→ **WHAT YOU HAVE TO DO**
With the pictures set aside, return the lines below exactly, beginning at the first and ending at the line containing "Москва. 22 января.".

RECORD SET Start Marker

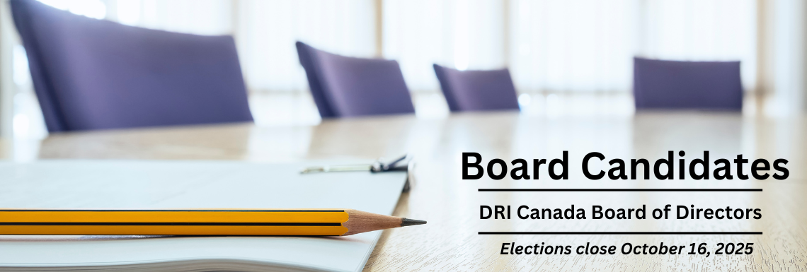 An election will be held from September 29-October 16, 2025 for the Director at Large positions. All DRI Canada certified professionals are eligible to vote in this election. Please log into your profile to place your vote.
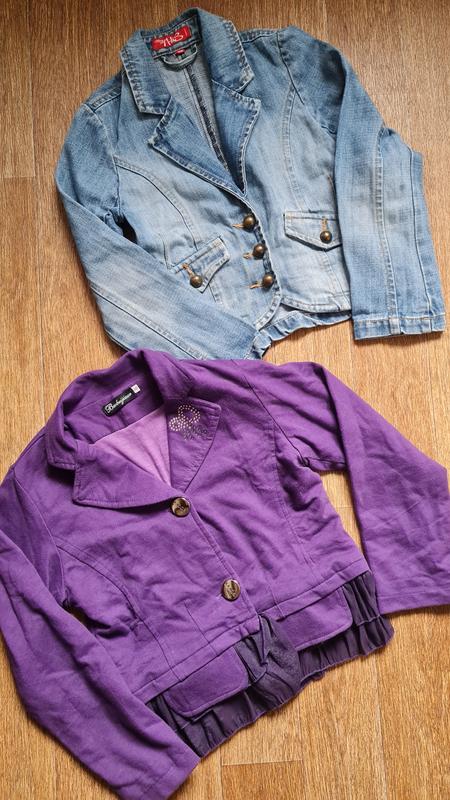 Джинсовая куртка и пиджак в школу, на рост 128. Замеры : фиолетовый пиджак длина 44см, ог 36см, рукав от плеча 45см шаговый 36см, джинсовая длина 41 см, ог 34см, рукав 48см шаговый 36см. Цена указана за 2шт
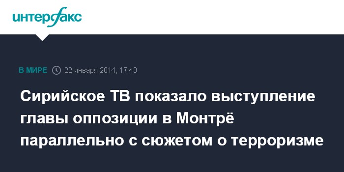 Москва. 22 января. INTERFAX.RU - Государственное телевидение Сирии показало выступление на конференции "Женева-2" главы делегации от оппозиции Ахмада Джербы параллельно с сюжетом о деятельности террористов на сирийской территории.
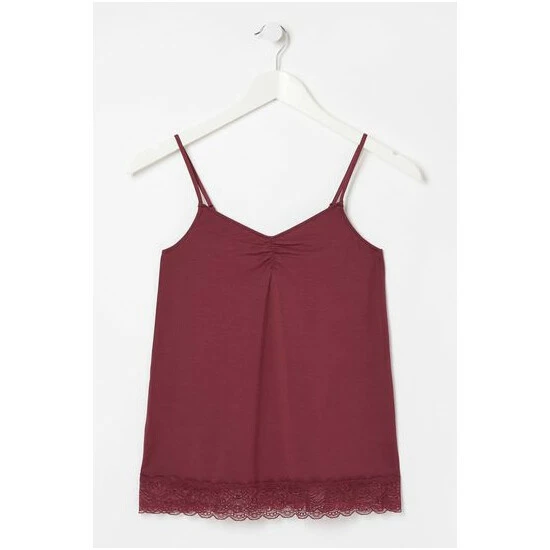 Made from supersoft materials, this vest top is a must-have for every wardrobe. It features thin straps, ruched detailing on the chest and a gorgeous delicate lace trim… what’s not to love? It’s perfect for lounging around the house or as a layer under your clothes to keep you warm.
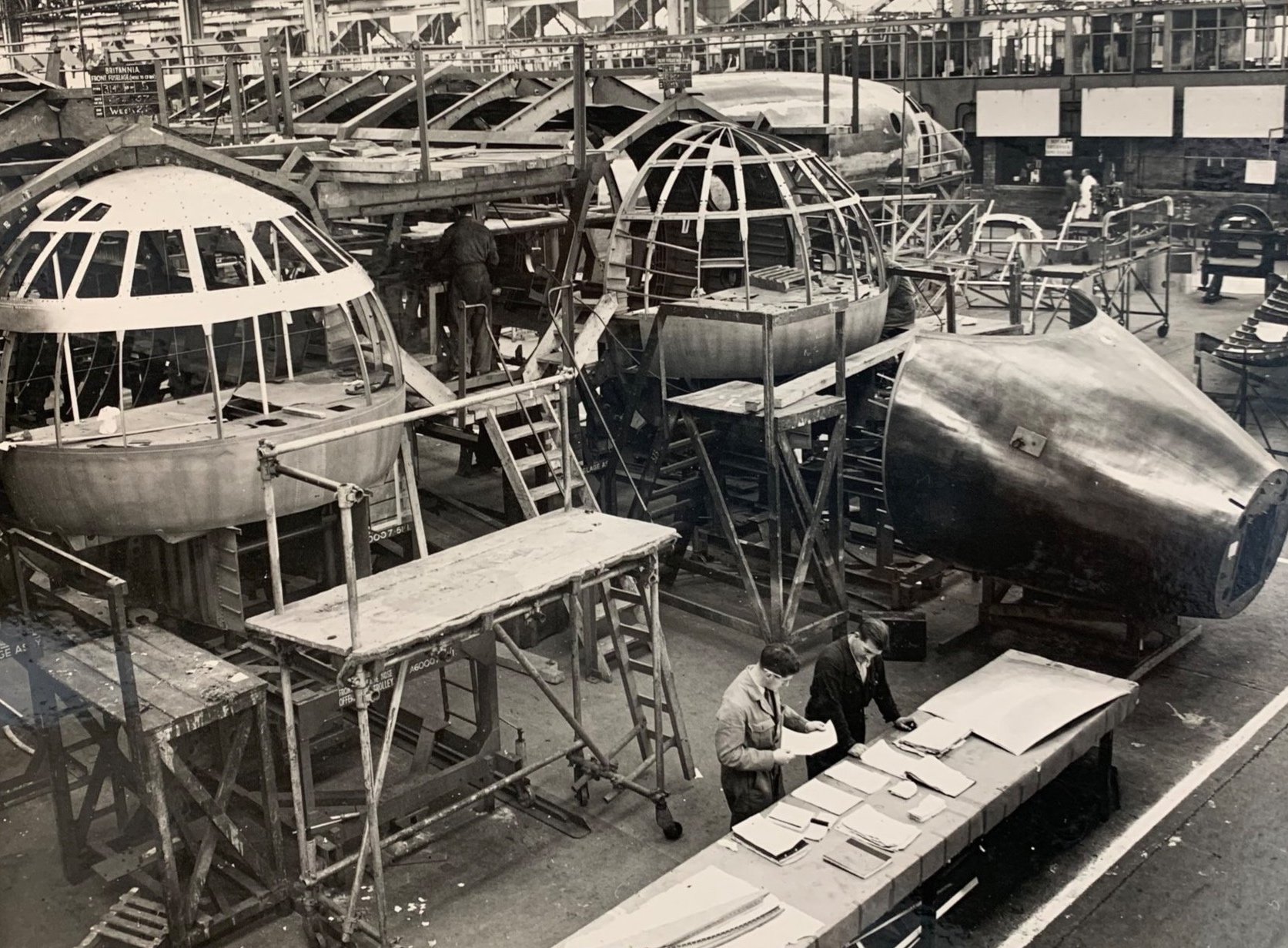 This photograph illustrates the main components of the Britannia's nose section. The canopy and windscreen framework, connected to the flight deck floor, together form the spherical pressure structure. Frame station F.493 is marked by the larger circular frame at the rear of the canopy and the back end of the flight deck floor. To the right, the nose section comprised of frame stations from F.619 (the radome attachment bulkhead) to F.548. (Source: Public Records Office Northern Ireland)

RECORD SET End Marker

→ **RESPONSE**
 An election will be held from September 29-October 16, 2025 for the Director at Large positions. All DRI Canada certified professionals are eligible to vote in this election. Please log into your profile to place your vote.
 Джинсовая куртка и пиджак в школу, на рост 128. Замеры : фиолетовый пиджак длина 44см, ог 36см, рукав от плеча 45см шаговый 36см, джинсовая длина 41 см, ог 34см, рукав 48см шаговый 36см. Цена указана за 2шт
 Москва. 22 января. INTERFAX.RU - Государственное телевидение Сирии показало выступление на конференции "Женева-2" главы делегации от оппозиции Ахмада Джербы параллельно с сюжетом о деятельности террористов на сирийской территории.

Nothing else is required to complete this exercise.